Relationship between central pulmonary arteries sizes and differential perfusion of the lungs in conotruncal heart defects: magnetic resonance imaging study

  • Oleksandr Kondrachuk, Ukrainian Children's Cardiac Center, Ukraine
  • Tetyana Yalynska, Ukrainian Children's Cardiac Center, Ukraine
  • Dr Illya Yemets, Ukrainian Children's Cardiac Center, Ukraine
  • Dr Nadiya Rokitska, Ukrainian Children's Cardiac Center, Ukraine
  • Objective: The purpose of this study was to determine the relationship between central (proximal branch) pulmonary arteries sizes and differential perfusion of the lungs in conotruncal heart defects using magnetic resonance imaging (MRI).

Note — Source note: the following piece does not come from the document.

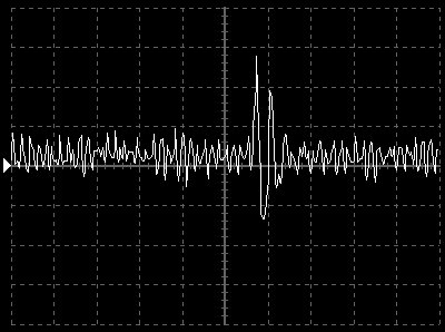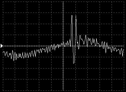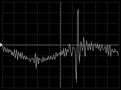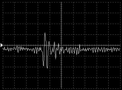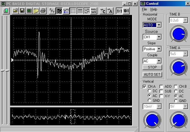 Empfindlichkeit pro Bildschirmteilung: 10 Millivolt (im Bild Vertical CH.A, Einstellung AC).
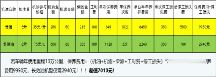 “这还不算啥,关键是它10万公里减少保养8次,这意味着我们能多出车8天。时间就是效益,每天就按500元收益算,就相当于多赚了4000多。”靳总监表示,保养费用加上多出车带来的收益,10万公里能省下7000元左右。

    Methods: In total, 26 patients with conotruncal heart defects underwent cardiovascular MRI. The right/left lung perfusion ratio between 65:35 and 40:60 was considered as normal.
    Results: The mean right/left lung perfusion ratio was 63:37, while the mean right/left pulmonary artery cross-sectional area ratio was 54:46 (P<0.05). Regurgitation fraction (RF) was significantly greater in the left pulmonary artery (LPA) (12.2±16.8%) than in the right pulmonary artery (RPA) (3.2±5.5%; P=0.014). There was no significant correlation between right/left pulmonary artery cross-sectional area ratio and the right/left lung perfusion ratio (R2=0.089, P=0.139). The large difference (>10%) between right/left pulmonary artery cross-sectional area ratio and the right/left lung perfusion ratio was found in 16 (61.5%) cases. Abnormal right/left lung perfusion ratio was observed in 10 (38.5%) of 26 patients. Central pulmonary arteries sizes predicted the asymmetry of lung perfusion only in 2 of 10 cases.

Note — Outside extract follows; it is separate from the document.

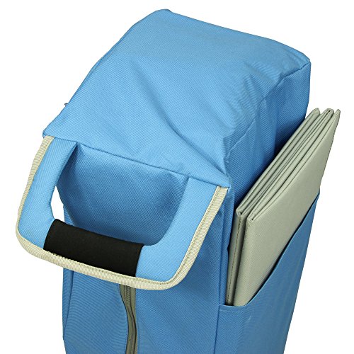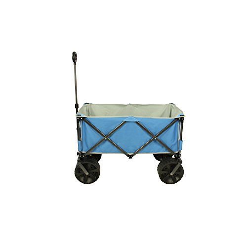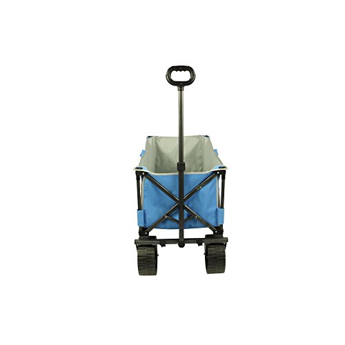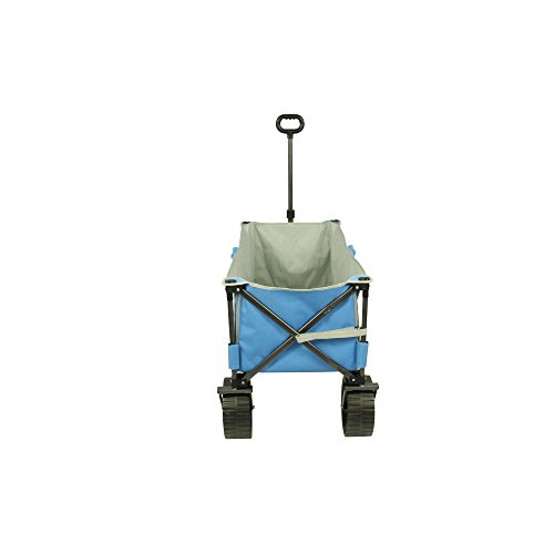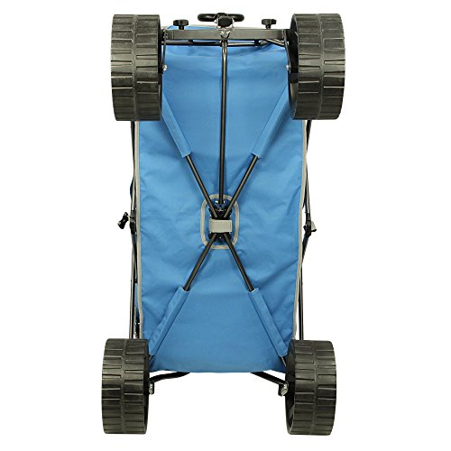 Fridani BTB 100 – faltbarer Bollerwagen, Strandwagen, Handkarre Ob beim Camping, Angeln, im heimischen Garten, auf Ihrem Picknick Ausflug, der nächsten Festival Party oder Zuhause – dieser klappbare Bollerwagen ist Ihre ideale, mobile Transporthilfe. Transportieren Sie Getränkekisten, Gepäck, Einkäufe, Garten-Werkzeug oder die Kinder ganz bequem von A nach B. Dank des faltbaren Gestells wird aus einem kleinen Paket ein großes Transport Wunder. Mit der Teleskop Deichsel und einen runden Voll-Griff ziehen Sie mühelose die geladene Last und das auch über weitere Strecken. Mit den robusten Reifen fahren Sie ohne Probleme auf den meisten Untergründen. Dieser Wagen ist besonders für den Gebrauch auf sandigem Boden wie z.B. am Strand geeignet, da er große Reifen besitzt. Innen ist der Handwagen mit einem beschichteten Material ausgekleidet. Dieses ist abwaschbar und sehr einfach zu reinigen. Der mitgelieferte Boden wird einfach ausgeklappt und hineingelegt und ermöglicht eine plane Ablagefläche oder Sitzfläche für Kinder. Zusammengeklappt wird der Wagen von einer Transport-Hülle geschützt in der auch der Einlegeboden seitlich seinen Platz findet. Fridani Bollerwagen sind in zwei Ausführungen erhältlich:BTG 90 (Grün) – BTB 100 (Blau mit extra dicken Sandreifen). Faltbares StahlgestängeDas Grundgerüst für diesen klappbaren Bollerwagen bildet das lackierte Stahlrohr-Gestänge. Dies ist sekundenschnell aufgestellt und genauso kinderleicht und schnell wieder zusammengefaltet. Die querverlaufenden Streben sind aus dem gleichen Material hergestellt. Durch die Belastbarkeit der Rahmenkonstruktion transportiert der Handwagen alles sicher zu seinem Ziel. Robuster BezugDer Bezug ist aus robustem und leicht zu reinigendem 600D Oxford Polyester gefertigt worden. Eingefasst wurde dieses mit einem Textilband. Das Innenmaterial ist besch

    Conclusions: Morphological evaluation of the proximal branch pulmonary arteries cannot be used to predict differential perfusion of the lungs in patients with conotruncal heart defects. Asymmetric pulmonary perfusion is not related to the size of the proximal branch pulmonary arteries in most cases. The higher RF observed in the LPA compared with the RPA suggest that the pulmonary vascular resistance greatly dominates differential perfusion of the lungs over the anatomy of the central pulmonary arteries.